Coming onto the final climb Chris Froome had only Ritchie Porte with him, while Contador still had three. But it was Movistar, not Saxo-Tinkoff, which started the attack.

While Saxo rode a defensive race, keeping the pace high to suppress attacks from the riders right behind Contador in GC, Movistar’s Alejandro Valverde was determined to gain a position to reach the top ten.

Valverde was in the top three when a slow wheel change cost him his chance at a podium or even a high finish in Stage 13. With his Tour basically ruined, the Spanish rider worked his team instead of the team working for him. With his team having captured Stage 16 and on its way to another stage win, Valverde decided it was time to ride for himself.
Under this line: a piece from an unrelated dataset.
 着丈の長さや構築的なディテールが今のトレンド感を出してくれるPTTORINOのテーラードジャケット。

Valverde attacked near the bottom of the final climb, alone at first and then joined by Ag2R’s John Gadret.

Meanwhile Movistar’s default GC contender, Nairo Quintana, marked the quarter of Roman Kreuziger, Alberto Contador, Ritchie Porte, and Chris Froome. This group remained quiescent until stage leader Rui Costa was six km from the finish. Here, with the yellow jersey group still on the climb, Katusha’s Joachim Rodriguez attacked.
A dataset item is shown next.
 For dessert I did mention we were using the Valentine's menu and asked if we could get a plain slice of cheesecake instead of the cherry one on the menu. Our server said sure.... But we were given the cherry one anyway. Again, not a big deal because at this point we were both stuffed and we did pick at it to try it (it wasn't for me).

Contador and Froome immediately followed, as did Quintana; Ritchie Porte couldn’t hold his team leader’s wheel but kept pushing, trying to catch up. This group soon caught Gadret and Valverde.

As this group passed under the five-km banner, Quintana accelerated away, joined by Valverde. The rest of the yellow jersey group caught up to Quintana, while Ritchie Porte fought his way back on, ready to assist if Chris Froome needed him.

Valverde and Gadret made one last try in the final kilometer; Valverde passed the French rider in the final sprint but both were caught just as they reached the line. The entire yellow-jersey group rolled in 8:40 down on the stage winner, with none of the top seven gaining or losing time.

Quite a lot changed in the next three places: Daniel Navarro of Cofidis moved up to eighth, Omega’s Michal Kwiatkowski dropped to tenth, and Alejandro Valverde advanced from 11th in GC to ninth—his efforts paid off.

Once More Into the Mountains

There is only one more racing stage left in the 100th Tour de France. Stage 20 is very short, only 125 km, but it is filled with small climbs and ends with an Hors Categorie summit finish.

The stage includes six categorized climbs: the first four, a Cat Two and three Threes, should be easy but the 15.9-km Mont Revard might see some action. After the descent from Mont Revard comes a 20-km flat section which will challenge any break to stay away.

Everyone in the top ten will be going all–out on this final climb, the 10.7-km, 8.5 percent ascent to Annecy-Semnoz. Well, everyone with the possible exception of Chris Froome. Froome merely needs to preserve some of his five-minute cushion to take the yellow into Paris on Sunday. The rest have everything to fight for.

Second through fifth are still separated by only 47 seconds; Valverde in ninth is two minutes behind Navarro and will probably have to ride to protect Quintana in third, while Navarro is free to join a breakaway, but on a stage so short, all the teams will be charging hard right from the start—any breakaways will have to ride faster than the fastest to hope to survive.

There will be a battle for tenth place as well—twelve seconds separate Michal Kwaitkowski from Laurens Ten Dam and Andrew Talansky.

On top of that, there will be a battle for King of the Mountains. Chris Froome leads Pierre Roland by a single point, while Mikel Neive is only five behind the Frenchman and Nairo Quintana a point behind that. The first several climbs don’t offer much but the final HC climb is worth fifty points. Look for everyione to be fighting hard for a stage win.